When osteonecrosis of the knee is diagnosed early (stage I), a simple painkiller may be enough to treat it. The doctor may also advise reduced mobility of the affected knee. In advanced stages, surgery may be done to prevent further damage to the entire joint.

Treatment of osteonecrosis of the knee

The treatment option for osteonecrosis of the knee depends on certain factors, including the stage of the disease, the part of the bone affected, and the cause of the disease. Based on these factors, treatment may be non-surgical or surgical.

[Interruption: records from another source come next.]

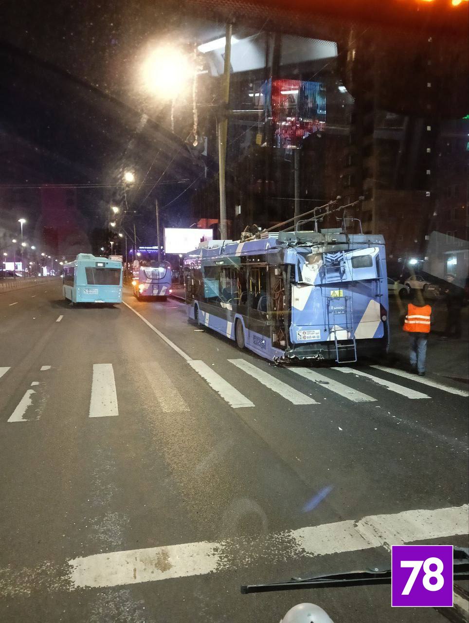 Кадры из троллейбуса, в который врезался автобус на Ленинском проспекте. От столкновения пассажиры подлетели с сидений, те, кто стоял, еле удержались на ногах.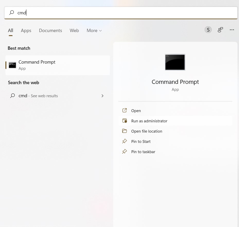 步驟2:在最佳匹配結果下找到命令提示符,然後單擊“作為管理員運行”。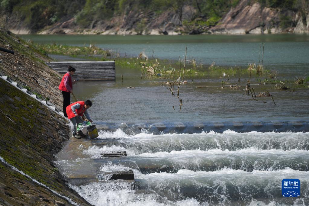 3月24日,党员志愿者在湖源乡壶源溪梅州坝清理沿岸垃圾,保持水域清洁。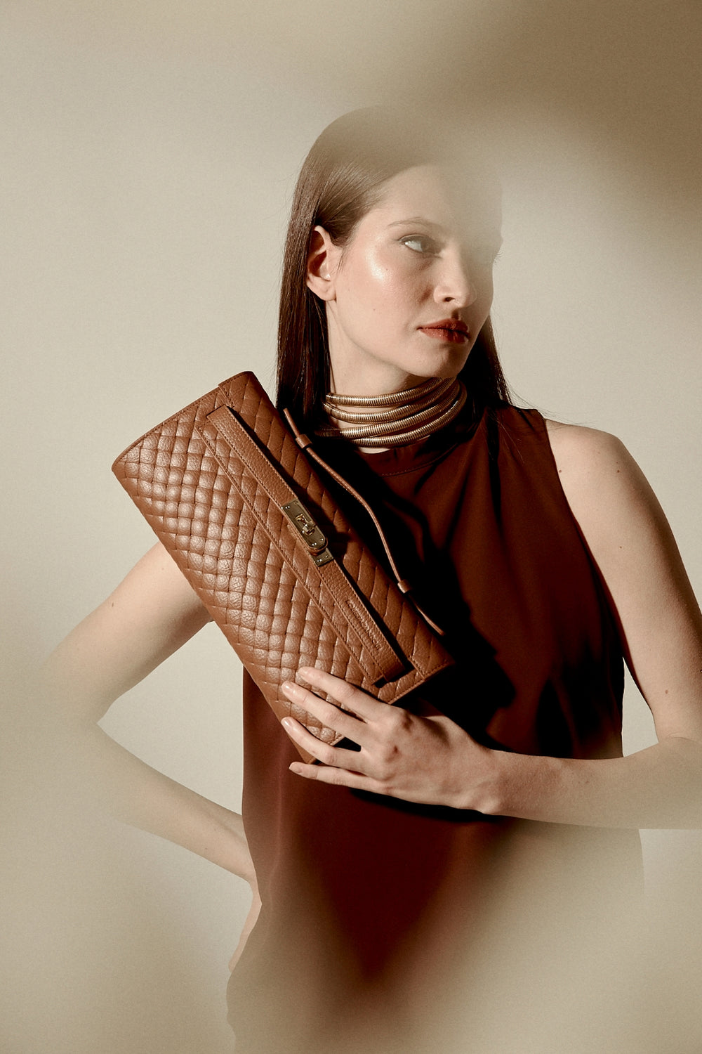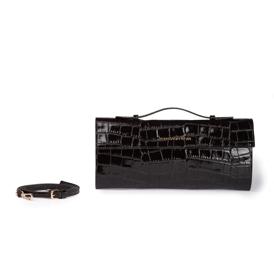 To be carried by hand or on the shoulder and by adding the shoulder strap you can also wear it in a more casual way as a crossbody so as to have your hands free.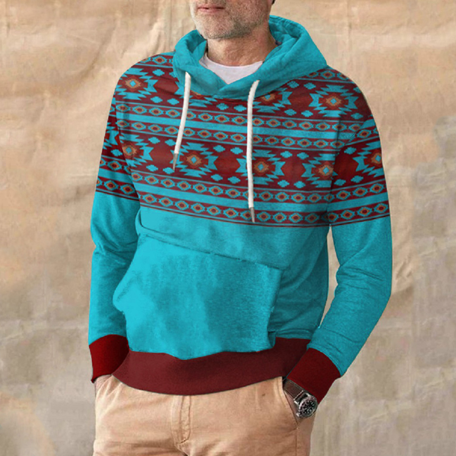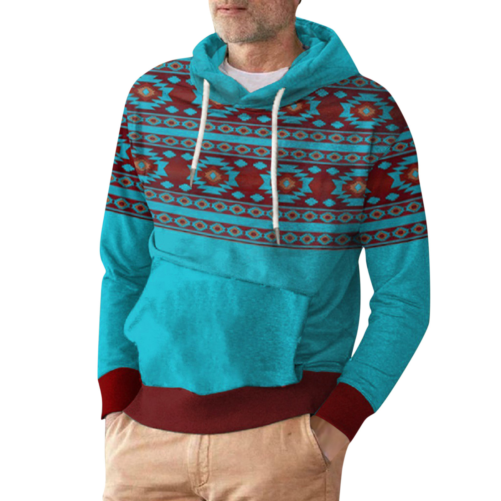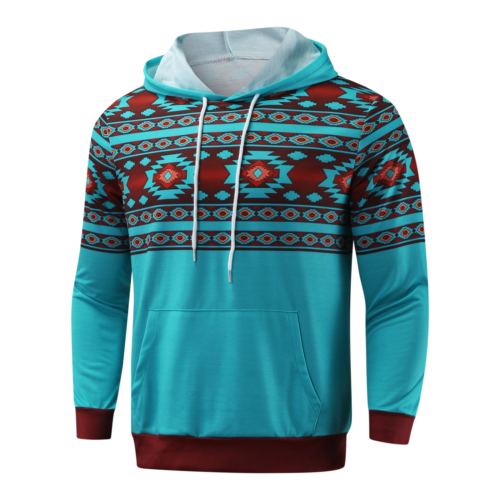 Мужские повседневные топы с геометрическим принтом с капюшоном, толстовки с длинным рукавом, блузка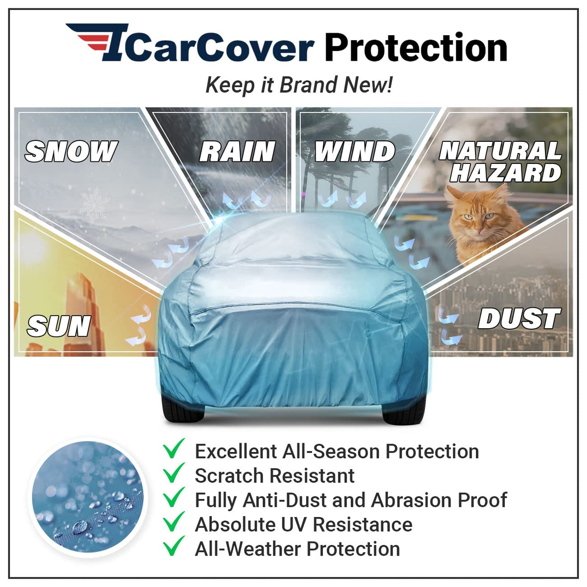 Keep Your Car Clean & Dry Against All Weather? Icarcover Full Car Cover Protects Your Car Against All Weather And Elements Year-Round.? Perfect For Any Car Owner Who Doesnt Want To Keep Cleaning Their Car Every Morning.Reliable Protection? Against Hot Sun, Heavy Rain, Strong Wind, Snow & Sand.Keep Your Car Running Smoothly? Waterproof And Windproof Car Cover Stops Dust From Getting In Car & Mechanical Parts.? Keeping Car Clean So You Dont Have To Fear The Weather. Easy Use | Portable Storage Bag Included? Easy Set-Up, Storage, And Removal For Quick On The Go Use. Easy Cleaning & Maintenance? To Clean Car Cover Simply Wipe With Damp Cloth And It Will Be Ready For Use Again.Make The Smart Choice? To Keep Your Car Clean & Safe Year-Round With Icarcover!=======================.Package Include: ? 1 X Car Cover?1 X Zipped Storage Bag? 2 X Antenna Patches? 1X Pair Grommet? 3 X Windproof Straps Front, Middle, Rear? 1 X Instructions.=======================.Please Check Compatibility Tools & Dimensions Information Before Purchase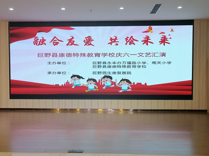 活動現場,李校長首先代表萬福路小學全體師生向孩子們送上美好的祝福,希望孩子們能健康快樂成長。隨后,萬福路小學的學生們為巨野縣康德特殊學校的孩子們獻上了精彩的節目,如情景劇《滿江紅》、舞蹈《祖國有我》等,巨野縣康德特殊學校的孩子們也為到場的萬福路小學師生演唱了《特別的人》、《愛的力量》等歌曲。最后,萬福路小學的學生們和巨野縣康德特殊學校的孩子們共同做游戲、互送禮物等。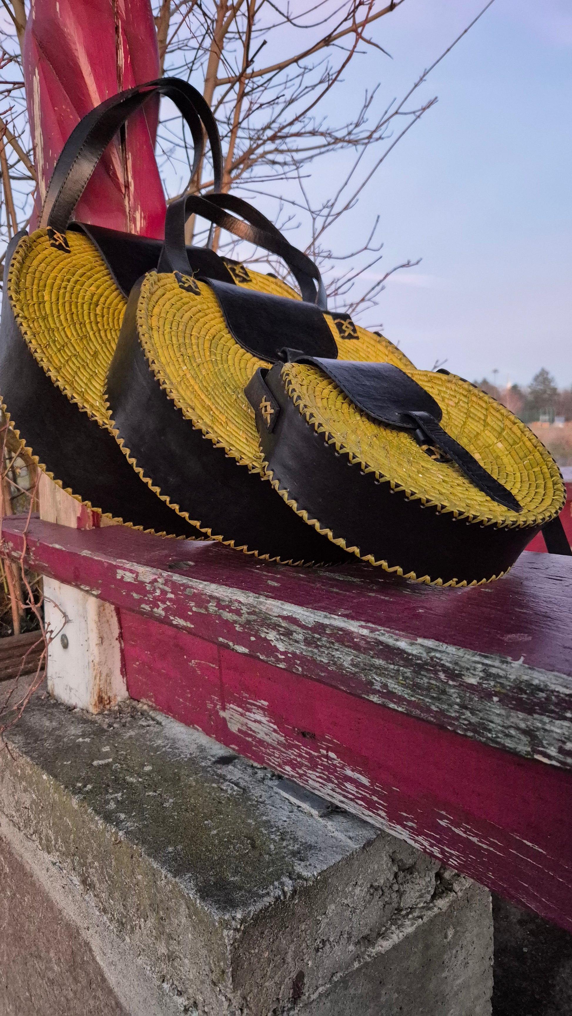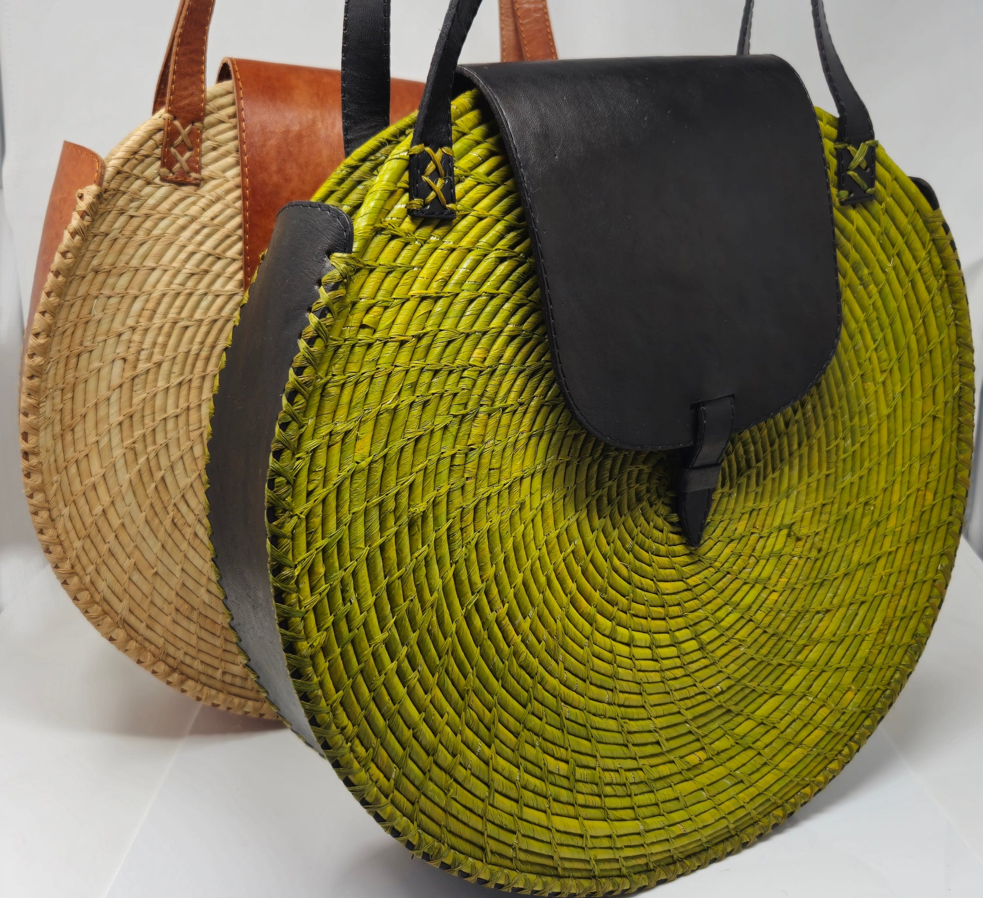 Runde Raffia & Leder Tasche – Handgefertigt, Einzigartig & Natürlich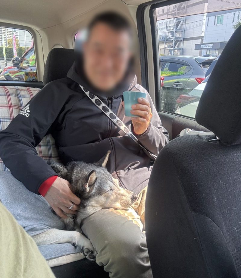 で、一緒に車でギャラリーへ。幸せそうに、膝の上に顎乗せてる。
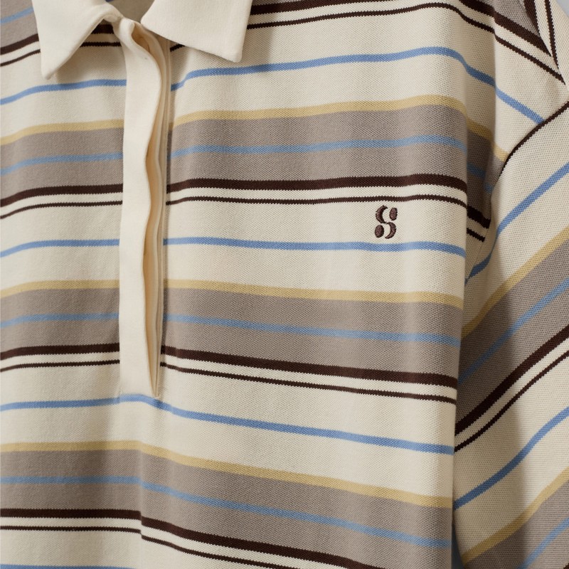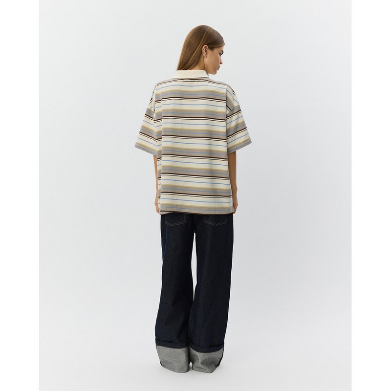 PILSW OVERSIZE PRUHOVANÉ POLO TRIČKO - Bílé pruhované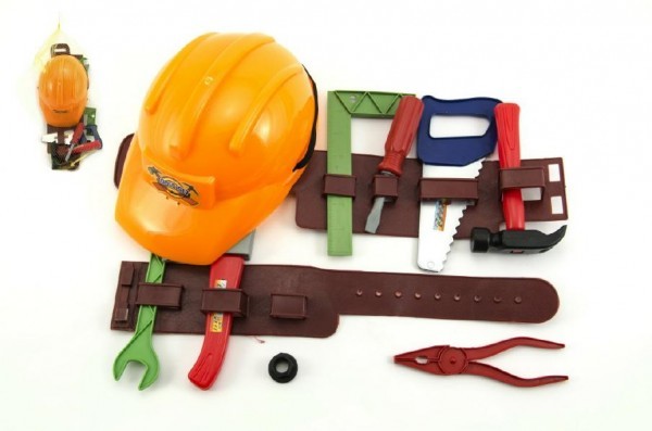 Sada nářadí s opaskem+helma/přilba plast 10ks 64cm v síťce
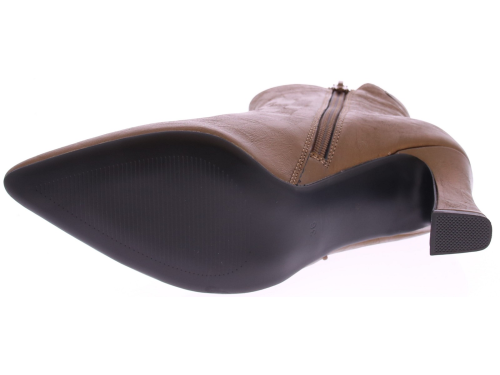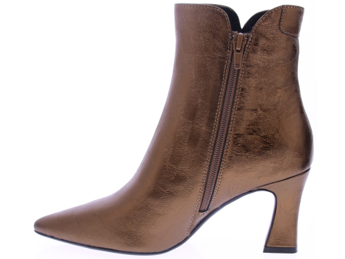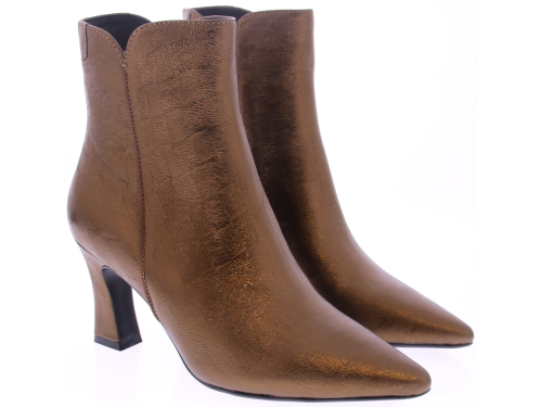 Bronskleurige leren dames enkellaars Sterre 2 van Di Lauro. Deze vrouwlijke enkellaars met 7 cm hak is een echte eyecatcher. Het slanke model met de spitse neus en elegante hak straalt pure klasse uit. De subtiele print in het leer geeft een luxe uitstraling, perfect voor zowel werk als feestelijke gelegenheden. De laars sluit mooi aan om de enkel en biedt dankzij de stabiele hak toch aangenaam loopcomfort.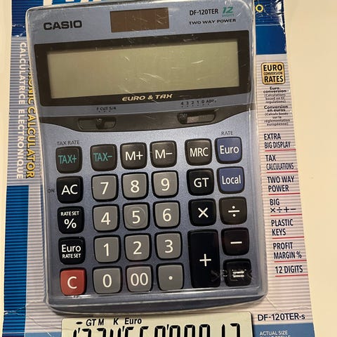 Lommeregneren fremstår meget pæn – æsken har let slid.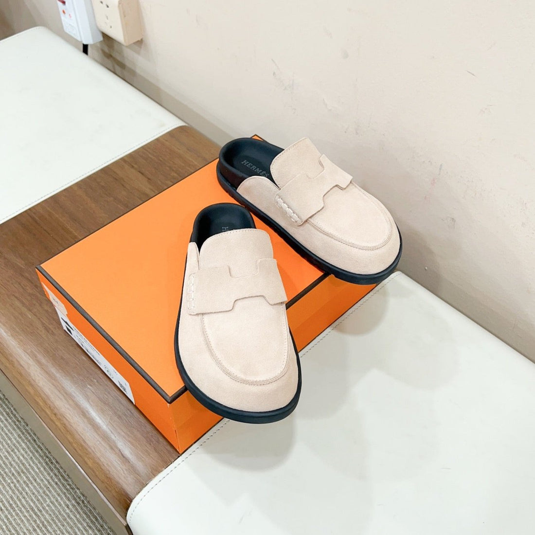 Loro Piana Grey Black Suede Charms Walk Flat Mules
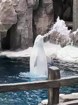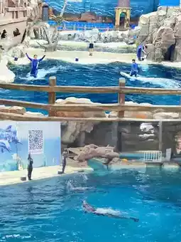 - Recommended shows: The Love Between Human and Whale and the Dolphin Joy Show. The belugas are super cute and endearing, sweetly interacting with the performers; the dolphin show starts with fun interactions, and answering questions on the big screen teaches marine knowledge and the importance of protecting the marine environment. The camera will randomly cut to the audience, so you can take the opportunity to check in.

Read also : Scientists are successfully repairing bones by combining gene therapy and bioprinting

Non-surgical treatment option

If the disease is at an early stage and only a small part of the knee is affected, surgery may not be necessary. The doctor may suggest one of the following non-surgical treatment procedures:

  1. Use medication:

The doctor may prescribe nonsteroidal inflammatory drugs (NSAIDs) such as ibuprofen and naproxen to relieve knee pain and swelling. If the patient is young, the doctor may suggest bisphosphonates for treatment.

  1. Reduced loading:

For some patients, removing weight from their knees is enough to slow damage and allow healing. The patient may need to start using crutches for a while to reduce the weight on their knees.

  1. Exercise:

The patient may be asked to engage in certain physical activities that help strengthen the thigh muscles and allow for a range of motion in the affected joint. To avoid stress on the joint, water exercise may also be recommended for the patient.

  1. Amendment in certain activities:

The doctor may advise the patient to stop certain activities that cause pain.

Surgical treatment options

Your doctor may recommend surgery if there doesn’t seem to be any improvement after non-surgical treatment options or if the affected part of the bone is quite large. Some surgical procedures that may be recommended include:

  1. Total knee replacement:

Your doctor may opt for this procedure if the disease has progressed to stage IV, where the bone has been destroyed. The procedure involves replacing destroyed bone and cartilage with metal or plastic joint surfaces to restore knee function.

  1. Osteotomy:

In this procedure, the surgeon removes part of the tibia or femur or inserts a wedge of bone graft/synthetic bone to help take the weight off the damaged part of the knee. This is essential as removing weight from the affected area of ​​the joint will relieve the patient of pain and promote healing.

Other Surgical Procedures Your doctor may recommend osteochondral (bone and cartilage) bone grafting, central compression, arthroscopic debridement and microfracture, and autologous chondrocyte implantation (ACI).

Read also : Inflammatory joint diseases: actions and foods to consider to naturally relieve joint inflammation


Even though osteonecrosis of the knee is likely to occur in people over 50, it can be prevented and effectively treated when we know what it is and how to diagnose and manage it easily.